Y amar a Dios sobre todas las cosas y respetar tu Nombre y hacer santo el día a ti consagrado es ponerte como centro y finalidad de la existencia. Y guardar todo esto en el corazón, es encarnarlo como tu madre encarnó la promesa que le fue hecha de parte tuya: eso es entrar en la Tierra Prometida, retornar al Paraíso. Parecía tan difícil reencontrar el camino perdido…, tanto como tragarse el orgullo cuando he vuelto a colocarme en el centro de la creación. Quién iba a decirnos que todo iba a quedar encerrado en algo tan sencillo como un “sí”, como un “hágase en mi según tu palabra” (Lc 1,38).
Y todo vuelve a comenzar, pasó lo viejo, todo es de nuevo, nuevo. He aquí la leche y la miel que se espera de la Tierra Prometida, experimentar el amor de Dios y el de los hermanos. Experimentarlo primero para luego reflejarlo, pues el amor tiene una fuente que no soy yo, “el amor consiste en que Él nos amó primero” (1Jn 4,19). De ahí el asombro —¡qué dulce me es tu promesa, más que la miel en la boca!—, pues no hube de desgarrarme para el encuentro contigo, me vino gratis de lo alto.
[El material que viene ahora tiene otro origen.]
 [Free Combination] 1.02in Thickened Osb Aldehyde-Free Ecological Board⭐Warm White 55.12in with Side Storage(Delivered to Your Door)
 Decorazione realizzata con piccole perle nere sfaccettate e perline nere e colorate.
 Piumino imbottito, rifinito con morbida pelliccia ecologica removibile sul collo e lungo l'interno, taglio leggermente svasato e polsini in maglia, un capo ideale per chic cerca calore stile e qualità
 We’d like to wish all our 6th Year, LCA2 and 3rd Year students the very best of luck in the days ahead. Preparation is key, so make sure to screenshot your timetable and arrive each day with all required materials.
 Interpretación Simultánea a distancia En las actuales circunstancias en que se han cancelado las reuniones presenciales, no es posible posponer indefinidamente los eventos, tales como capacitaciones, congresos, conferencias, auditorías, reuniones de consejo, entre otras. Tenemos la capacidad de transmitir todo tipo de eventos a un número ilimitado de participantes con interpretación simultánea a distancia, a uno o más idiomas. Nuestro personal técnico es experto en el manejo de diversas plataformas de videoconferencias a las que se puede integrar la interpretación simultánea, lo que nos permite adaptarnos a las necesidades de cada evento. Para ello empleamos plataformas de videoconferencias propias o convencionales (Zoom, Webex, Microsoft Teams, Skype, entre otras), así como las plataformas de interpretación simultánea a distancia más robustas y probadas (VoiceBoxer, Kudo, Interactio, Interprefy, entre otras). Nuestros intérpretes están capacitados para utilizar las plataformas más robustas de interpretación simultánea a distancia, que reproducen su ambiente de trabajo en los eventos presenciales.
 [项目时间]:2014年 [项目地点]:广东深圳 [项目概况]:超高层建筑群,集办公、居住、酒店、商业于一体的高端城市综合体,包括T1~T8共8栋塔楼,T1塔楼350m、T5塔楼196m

Todo lo más, entrar en mi mismo y reconocer que en casa de mi Padre se puede vivir, porque la vida sin Ti no es vida.
Y al atardecer, cuando el día declina, puedo elevar mi plegaria sabiendo que es escuchada y deleitarme al compartir tu promesa con los hermanos que me regalas “¿Quiénes son mi madre y mis hermanos sino aquellos que guardan mi Palabra y la ponen en práctica?” (Mc 3,31-35). Realmente queda pequeña la carne y la sangre, cuando es tu Palabra la que nos traba y tu Espíritu el que recorre nuestras venas.
No, no es pretencioso el salmista. Sencillamente es dichoso, como lo es todo aquel que acepta ser habitado por la Palabra. Concédeme Señor nacer de lo alto todos los días y poder morir repitiendo con el salmista ¡Cuánto amo tu voluntad!